Alternatively, configuring the AMD recommended system optimized BIOS settings might remove the need for using this setting. Some manufacturers and users might not implement the recommended system optimized BIOS settings.
If you experience the mentioned issue, then add this to ``GRUB_CMDLINE_LINUX``:
.. code-block:: text
modprobe.blacklist=amdgpu
After the change, the ``amdgpu`` module must be loaded to support the ROCm framework
software tools and utilities. Run the following command to load the ``amdgpu`` module:
.. code-block:: text
sudo modprobe amdgpu
Update GRUB
-----------
Update GRUB to use the modified configuration:
.. code-block:: shell
sudo grub2-mkconfig -o /boot/grub2/grub.cfg
On some Debian systems, the ``grub2-mkconfig`` command may not be available. Instead,
check for the presence of ``grub-mkconfig``. Additionally, verify that you have the
correct version by using the following command:
.. code-block:: shell
grub-mkconfig -version
.. _mi300x-os-settings:
Operating system settings
-------------------------
CPU core states (C-states)
^^^^^^^^^^^^^^^^^^^^^^^^^^
There are several core states (C-states) that an AMD EPYC CPU can idle within:
* **C0**: active.

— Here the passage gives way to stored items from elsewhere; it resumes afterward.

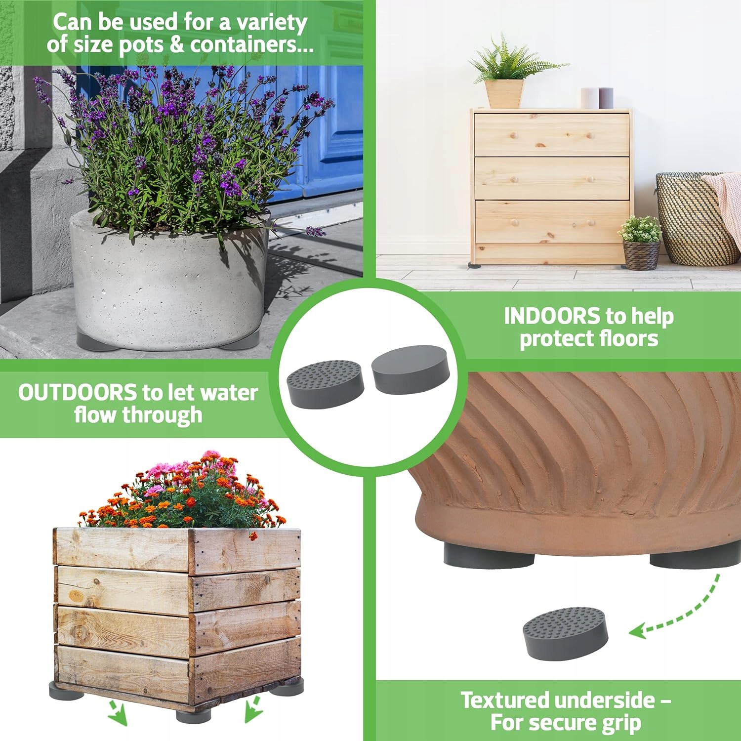 ДОДАТКОВИЙ ДОГЛЯД: наші ніжки для рослин забезпечують потрібну висоту, що полегшує дренаж води, запобігаючи утворенню плям і пошкодженню плит, терас або плитки для підлоги.
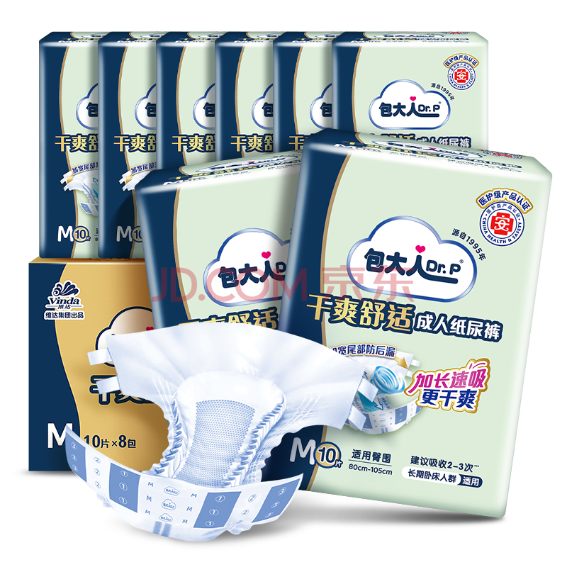 商品相册:包大人(Dr.P)干爽舒适成人纸尿裤基础型M80片(腰围:70-110cm)老年人产妇尿不湿第1张/共4
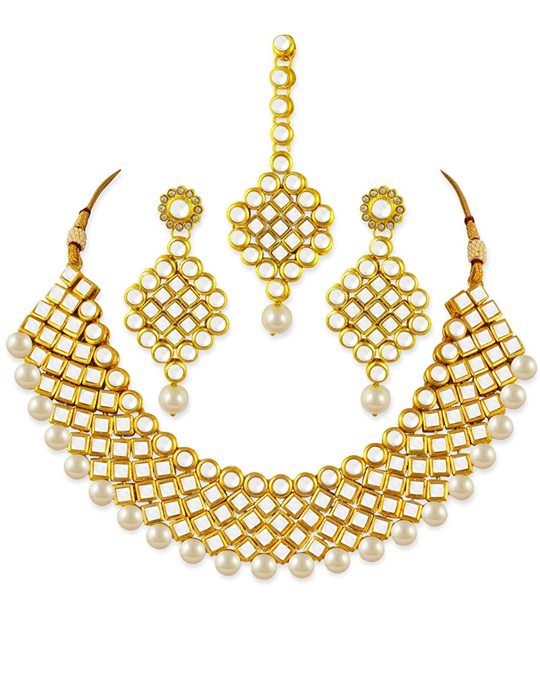 Karatcart Gold-Plated Handcrafted Kundan Stone Studded Choker Necklace with Earrings and Maangtikka. It's Five Layer...
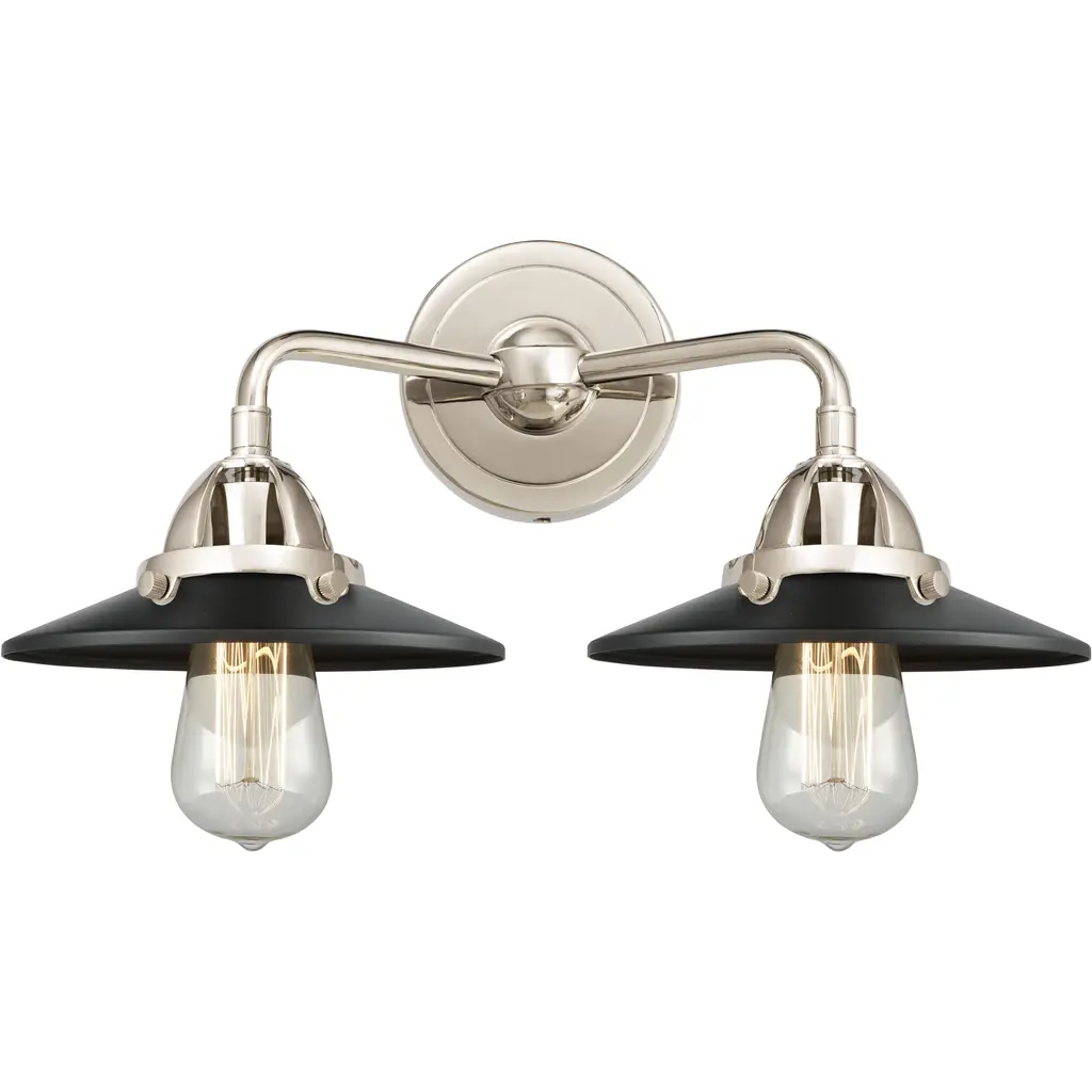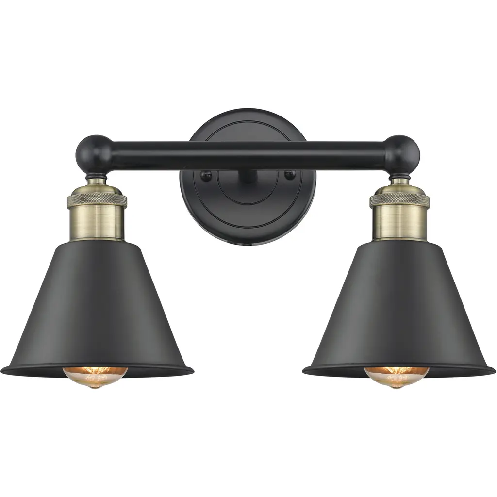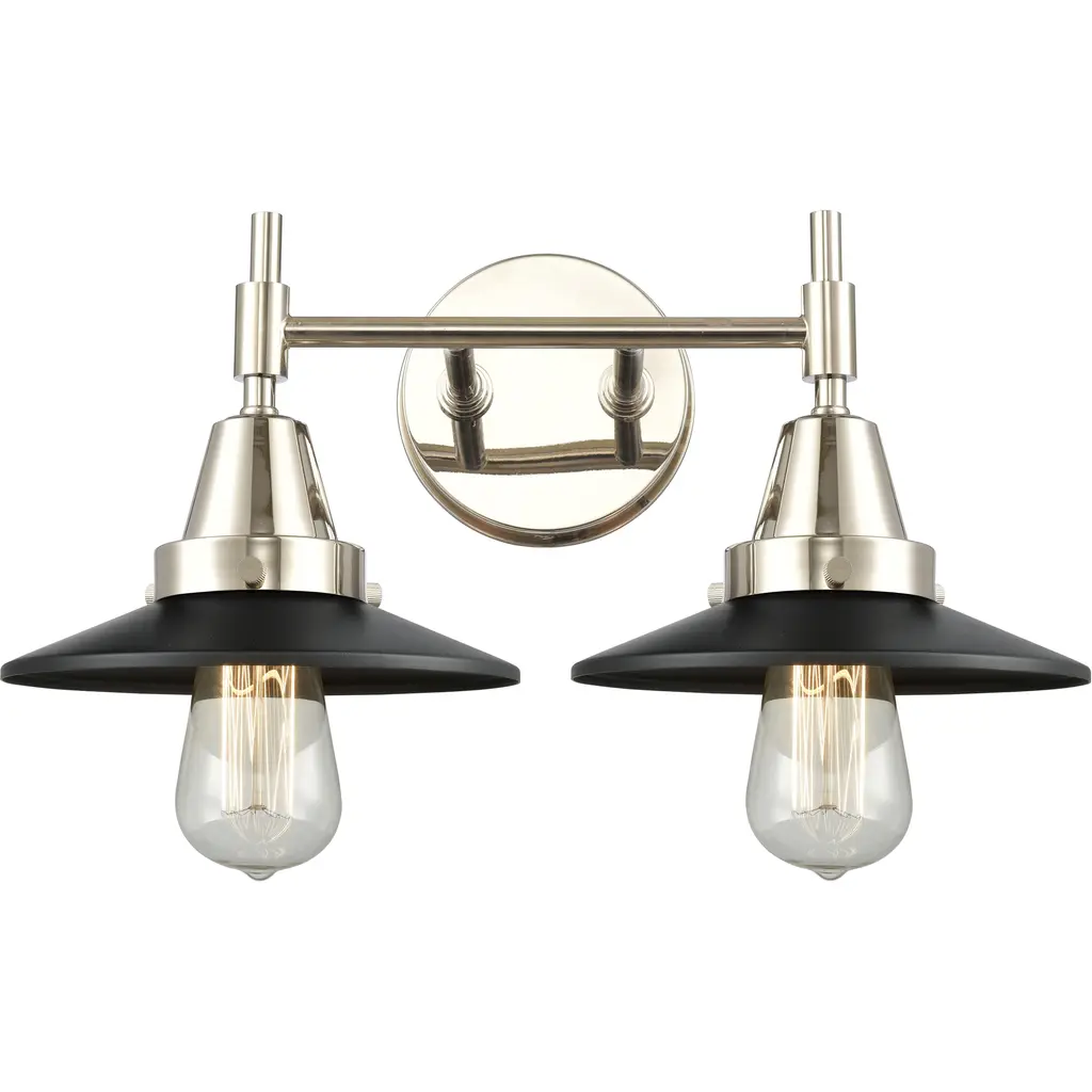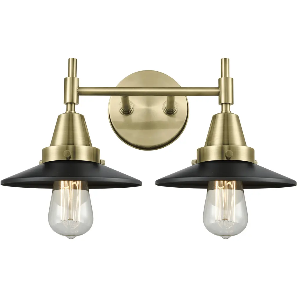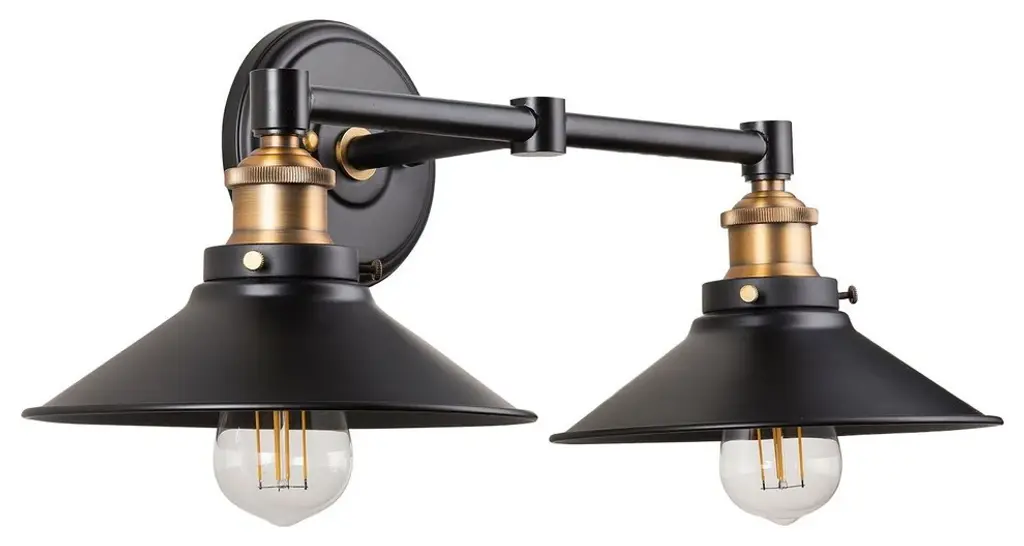 This modern soft industrial collection called Akron brings a level of sophistication to a trendy industrial or farmhouse style. The matte black and gold natural brass finishes complement the look of this lighting perfectly. The Akron collection is complete with a 2, 3, and 4 light vanity. Once you add this look to your home you will be pleasantly surprised as to how modern yet on trend your spaces look.FEATURES:Two-tone matte black and gold natural brass finish offers a distinctive look and quality steel constructionRound metal cone barn shade with white interior supports bright illumination and an industrial feelUses 2 x 100 watt E26 medium base bulbs (not included); LED compatible, dimmable for desired illumination levels when used with dimmable bulbs and compatible wall switch18-in W x 6.25-in H x 10-in DThis shaded down facing bathroom sconce is perfect over a small vanity mirror or as a pair over double sinksMounting hardware and instruction manual included for easy installationDamp rated; ideal for kitchens, bathrooms, or any other indoor area of your homeETL listing demonstrates this product has met requirements for product safety standards1 year limited warranty
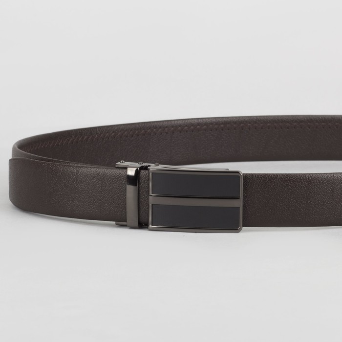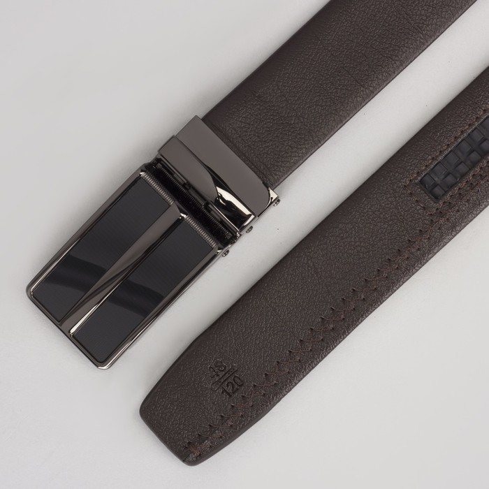 Ремень мужской, пряжка зажим тёмный металл, ширина - 3,5 см, цвет кофе
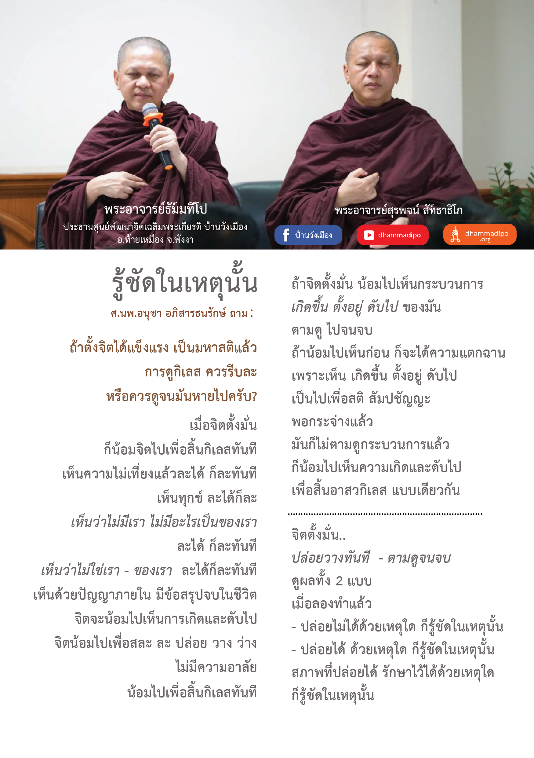 - ปล่อยได้ ด้วยเหตุใด ก็รู้ชัดในเหตุนั้น
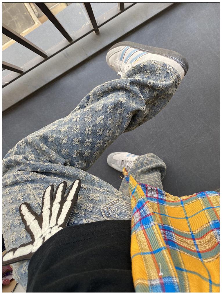 2024 Модные Панк Уличный Стиль Мужские Джинсы Скинни Жаккардовые с Принтом по Всей Поверхности и Микро-Клешем Large
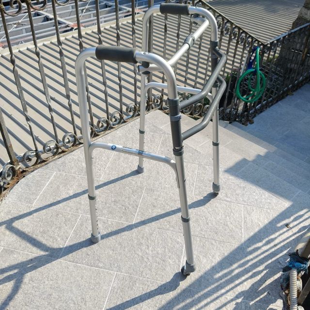 Dettagli del prodottoDeambulatore in alluminio, leggero e resistente. Dotato di manopole ergonomiche per una presa confortevole.

This is the active state while running an application.
* **C1**: idle. This state consumes less power compared to C0, but can quickly
return to the active state (C0) with minimal latency.
* **C2**: idle and power-gated. This is a deeper sleep state and will have greater
latency when moving back to the active (C0) state as compared to when the CPU
is coming out of C1.
Disabling C2 is important for running with a high performance, low-latency
network. To disable the C2 state, install the ``cpupower`` tool using your Linux
distribution's package manager. ``cpupower`` is not a base package in most Linux
distributions. The specific package to be installed varies per Linux
distribution.
.. tab-set::
.. tab-item:: Ubuntu
:sync: ubuntu
.. code-block:: shell
sudo apt install linux-tools-common
.. tab-item:: RHEL
:sync: rhel
.. code-block:: shell
sudo yum install cpupowerutils
.. tab-item:: SLES
:sync: sles
.. code-block:: shell
sudo zypper install cpupower
Now, to disable power-gating on all cores run the following on Linux
systems, run the following command.
.. code-block:: shell
cpupower idle-set -d 2
`/proc` and `/sys` file system settings
^^^^^^^^^^^^^^^^^^^^^^^^^^^^^^^^^^^^^^^
.. _mi300x-disable-numa:
Disable NUMA auto-balancing
'''''''''''''''''''''''''''
The NUMA balancing feature allows the OS to scan memory and attempt to migrate
to a DIMM that is logically closer to the cores accessing it. This causes an
overhead because the OS is second-guessing your NUMA allocations but may be
useful if the NUMA locality access is very poor. Applications can therefore, in
general, benefit from disabling NUMA balancing; however, there are workloads where
doing so is detrimental to performance. Test this setting
by toggling the ``numa_balancing`` value and running the application; compare
the performance of one run with this set to ``0`` and another run with this to
``1``.
Run the command ``cat /proc/sys/kernel/numa_balancing`` to check the current
NUMA (Non-Uniform Memory Access) settings. Output ``0`` indicates this
setting is disabled. If no output or output is ``1``, run the command
``sudo sh -c \\'echo 0 > /proc/sys/kernel/numa_balancing`` to disable it.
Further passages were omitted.